(1.) The respondents obtained a decree for money against the appellants in a g suit for recovery of the price of Barga crops in the Court of the Munsif at Khulna. They put this decree into execution. The appellants then filed an application for relief before the Debt Settlement Board under the Bengal Agricultural Debtors Act (Act 7 of 1936). A notice under Section 34 of this Act was issued on 25 June 1940. In pursuance of this notice, the Munsif stayed the execution proceedings on the next day. On 11 July 1940 the Bengal Agricultural Debtor's Amendment Act (Act 8 of 1940) came into force. By this Act, Section 20 of Act 7 of 1936 was amended by inserting therein the following words: "or I whether a liability is a debt or not" before the words "the Board shall decide the matter." On 24 August 1940 the respondents objected to the order of stay made by the Munsif on 26 June 1940 on the ground, that the appellants liability under the decree was not a debt within the meaning of Act 7 of 1936 and consequently the Debt Settlement Board had no jurisdiction to issue notice under Section 34 of Act 7 of 1936. The Munsif held that the appellant's liability under the decree was not a debt as defined in Act 7 of 1936. He accordingly vacated the stay order. This order of the Munsif has been affirmed by the First Appellate Court as well as by Henderson J. on second appeal Hence this appeal by the judgment-debtors under Clause 15 of the Letters Patent.
(2.) The contention of the appellants in this appeal is that after Act 8 of 1940 came into force, only the Debt Settlement Board had jurisdiction to decide the question whether the liability of the appellants under the decree was a debt within the meaning of Act 7 of 1936 and that the Munsif had no jurisdiction to decide this question. Section 20 of Act 7 of 1986 before its amendment by Act 8 of 1940 did not empower the Debt Settlement Board to decide the question as to whether a particular liability is a debt within the meaning of the Act. The jurisdiction of the civil Court to decide such a question under Section 9, Civil P.C., was therefore, not barred either expressly or impliedly. The Act of 1940 by necessary implication took away the jurisdiction of the civil Court to decide this question and empowered the board to decide it. The dispute between the parties as to whether the appellants liability is or is not a debt within the meaning of the Act was raised and decided after the amending Act of 1940 came into force. The question, therefore, is whether the Munsif had jurisdiction to decide this dispute. In Jabed Shikh V/s. Taher Mallik Mukherjee J. said: In the present case the application for settlement of the debt was presented by the petitioners long before the amended Act came into force and the notice under Section 34 of the Act wag also issued before that date. We do not think, therefore, that the provisions of the amended Act are at all attracted to the fact of the present case. Any way, it is not necessary to discuss the matter further as the rule that has been granted in this case, is not an open rule, but is expressly limited to grounds 1 and 2 of the petition neither of which covers the present point.
(3.) These observations of the learned Judge are obiter dicta.
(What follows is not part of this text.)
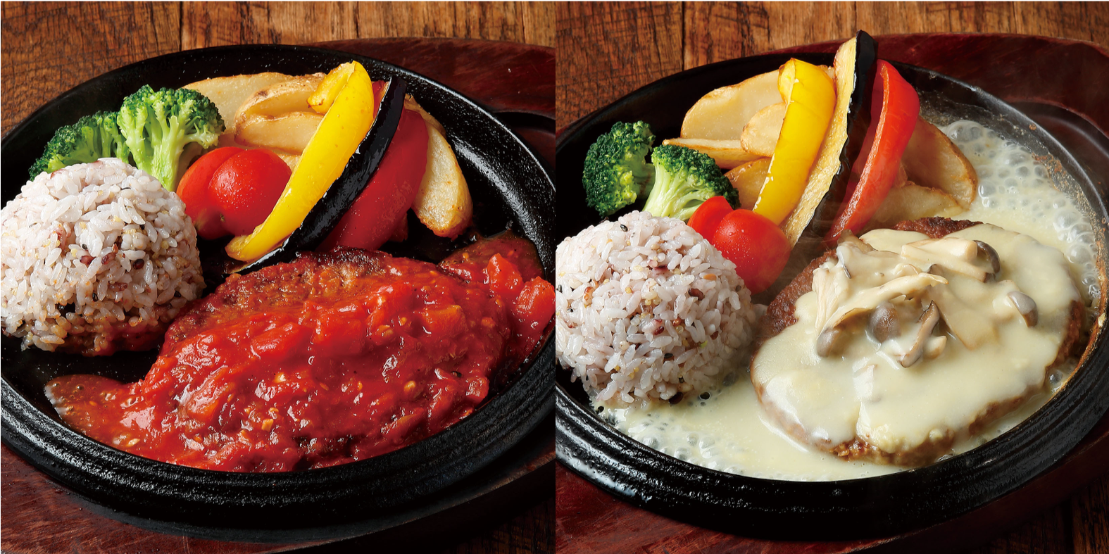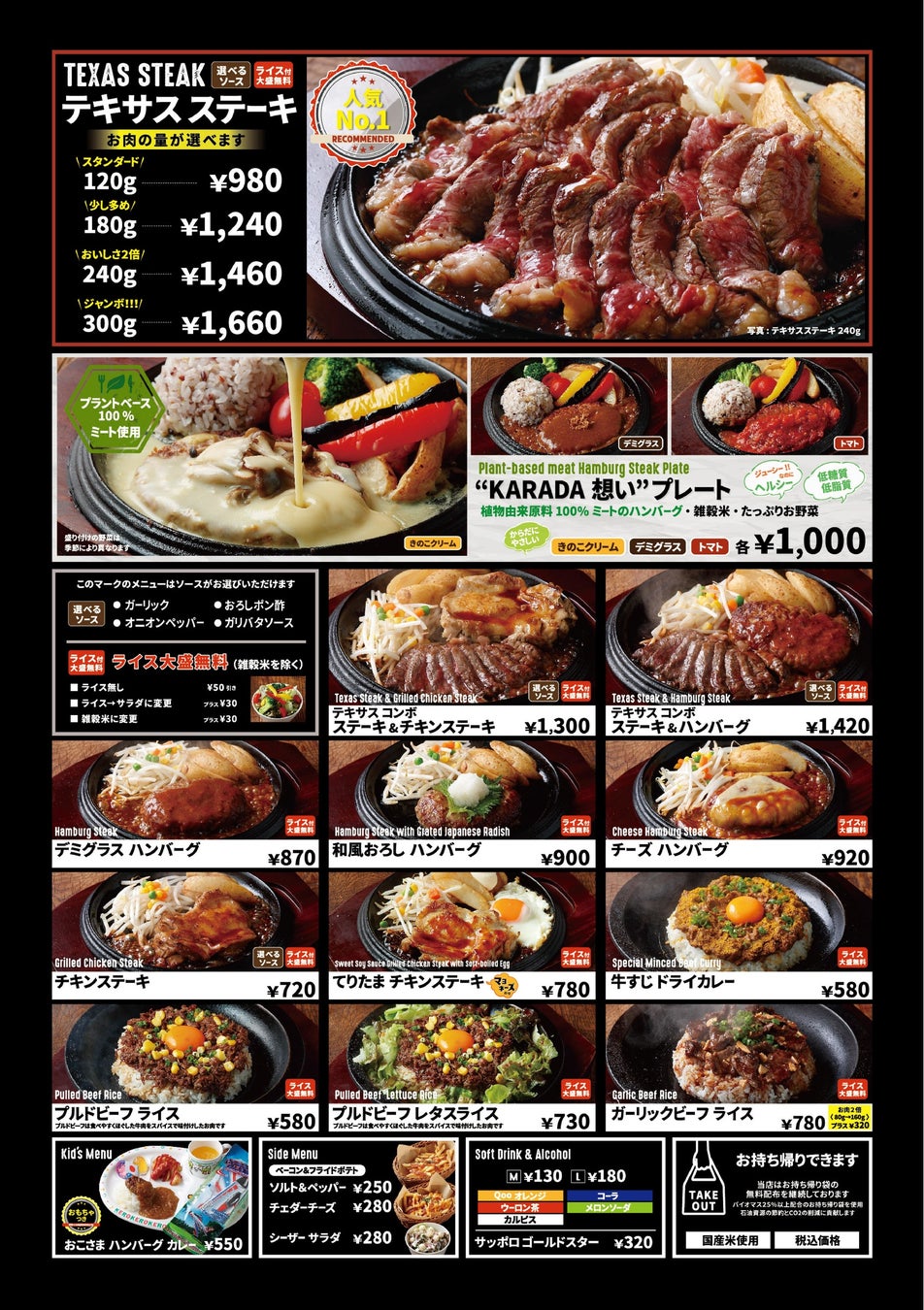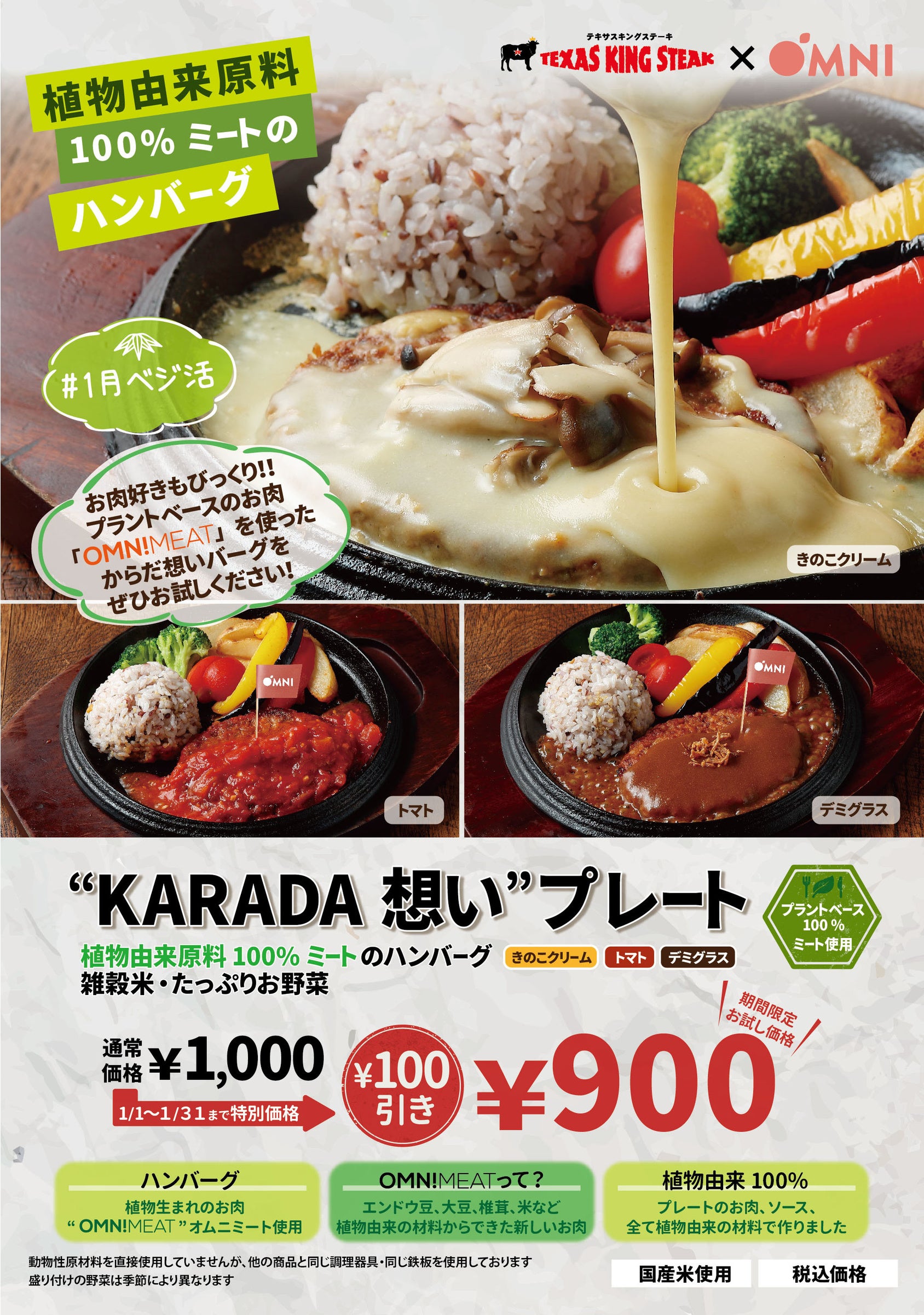 ボリューム感のあるステーキが、あつあつの鉄板で楽しめるフードコートタイプのステーキ専門店「テキサスキングステーキ」。11月にオープンしたイオンモール成田店の限定メニューとしてラインアップする「“KARADA想い”プレート」は、植物由来100%のオムニミートを使ったハンバーグと雑穀米、たっぷりのお野菜をワンプレートにし「ハンバーグが食べたい!」気分を満たしながらも低糖質・低脂肪が叶うヘルシーで身体にやさしいメニューです。お味は「きのこクリーム」「デミグラス」「トマト」の3種類を用意しており、食材にこだわりながらも各1,000円(税込)とお財布に優しい価格を実現。オープンから人気メニューのひとつとして親しまれています。今回は、ホリデーシーズンにたくさんのご馳走を食べた身体をいたわりながらも美味しいお食事をお楽しみいただけるよう1月1日(土)から1カ月間の期間限定で100円OFFにてご提供します。我慢せずにヘルシーに、あつあつのハンバーグプレートをお召し上がりください!
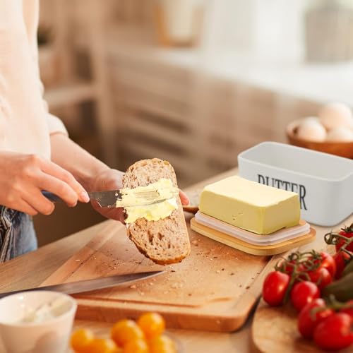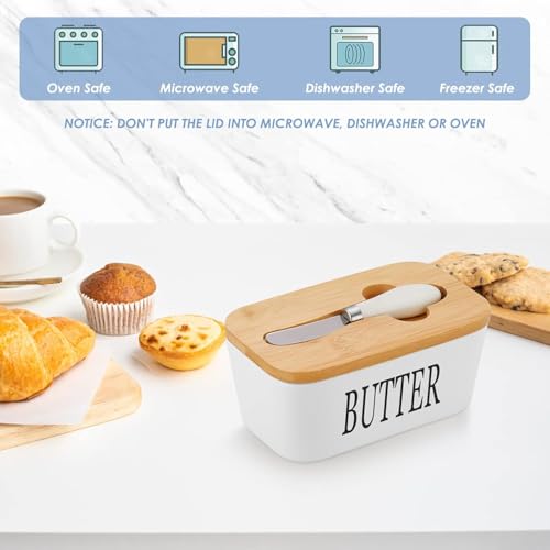 - التصميم: طبق زبدة أنيق من البورسلين الأبيض مع غطاء من البالمبو وحامل سكاكين مدمج، مثالي للتخزين على سطح المطبخ.

It is a general rule that when the Legislature alters the rights of parties by taking away or conferring any right of action, its enactments, unless in express terms they apply to pending actions, do not affect them. But there is an exception to this rule, namely, where enactments merely affect procedure, and do not extend to rights of action." "For it is perfectly settled that if the Legislature forms a new procedure, that, instead of proceeding in this form or that, you should proceed in another and a different way, clearly there by gone transactions are to be sued for and enforced according to the new form of procedure. Alterations in the form of procedure are always retrospective, unless there is some good reason or other why they should not be." "A statute cannot be said to have a retrospective operation because it applies a new mode of procedure to suits commenced before its passing." In other words, if a statute deals merely with tlie procedure in an action, and does not affect the rights of the parties, "it will be held to apply prima facie to all actions, pending as well as future." (Craies on Statute Law, 4 Edn. p.337). "Whether a person has a right to recover property is a question of substantive law." But in what Court he must institute proceedings is a question of procedural law. (Salmond on Jurisprudence.)